Your instincts are better than any listicle. You’ve been assessing safety your entire life. Every woman has. The dark street, the tone of voice, the guy who’s standing too close — you already know how to read these signals. You’ve been doing it since you were twelve. Trust what you already know.

Talk to women who live there. Not travel bloggers — local women. The bartender, the hotel receptionist, the woman at the next table. They know which neighborhoods to avoid, which taxi companies are reliable, which restaurants close late and still feel safe. This is better intelligence than anything you’ll find online, and it comes with the bonus of an actual human connection.

Let yourself be bad at it. Your first solo trip will probably involve at least one moment of genuine “what am I doing here” panic. This is normal. This is not evidence that you made a mistake. This is the feeling of growth, which is uncomfortable by definition. The panic passes. What replaces it — the quiet confidence of having figured it out — doesn’t.

What I don’t tell them: be brave. Because they don’t need to be. They just need to book the flight.

The Real Radical Act

If we’re going to use the word “brave” at all — and I’d rather we didn’t — then the brave thing isn’t traveling alone. The brave thing is refusing to perform the narrative. It’s not posting the “solo female traveler” caption. It’s not writing the blog post about how empowering it was. It’s not joining the women-only tour or buying the pink-covered packing guide or treating your own vacation as an act of feminist resistance.

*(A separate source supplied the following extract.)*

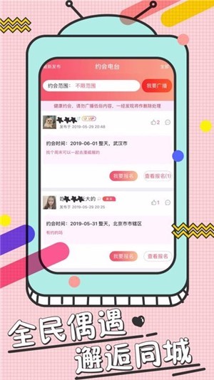 1.用户可以在平台内发布自己的交友播报和更新,邀请更多用户一起互动娱乐,参与各种线上线下活动
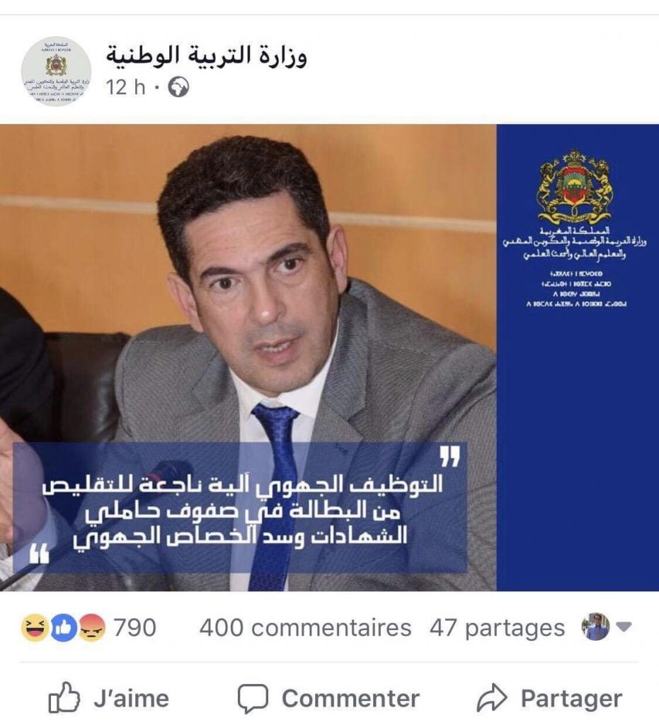 إلى ذلك، يأتي هذا التّصريح، الذي نشرته وزارة “أمزازي” على صفحة الوزارة بموقع التّواصل الإجتماعي “فيسبوك”، عقب اِعلان رئيس الحكومة، اليوم الخميس، عن تمسُّكِ حكومتهِ بالتّوظيف الجهوي للشّباب لدى الأكاديميات التعليميَّة، مُعتبراً بذلك، أنّ “التّعاقد” آلية ناجعة لامتصاص البطالة في صفوف الشّباب.

It’s just going. Quietly. Without announcement or justification. Without framing your trip as a statement about gender or independence or finding yourself. Without making your perfectly normal holiday into a story about how the world is dangerous and you conquered it anyway.

The most radical thing a woman can do in the current travel landscape is treat solo travel as unremarkable. Because it is. And the sooner we stop applauding women for doing something that half the world does without comment, the sooner it becomes what it should always have been: just travel.

I’m in a courtyard in Seville right now, writing this. The waiter just brought me a glass of Manzanilla without me asking — I’ve been here three days and he knows what I drink. There’s a guitarist playing something slow in the corner. The jasmine is absurd.

I’m alone. I’m not brave. I’m just here.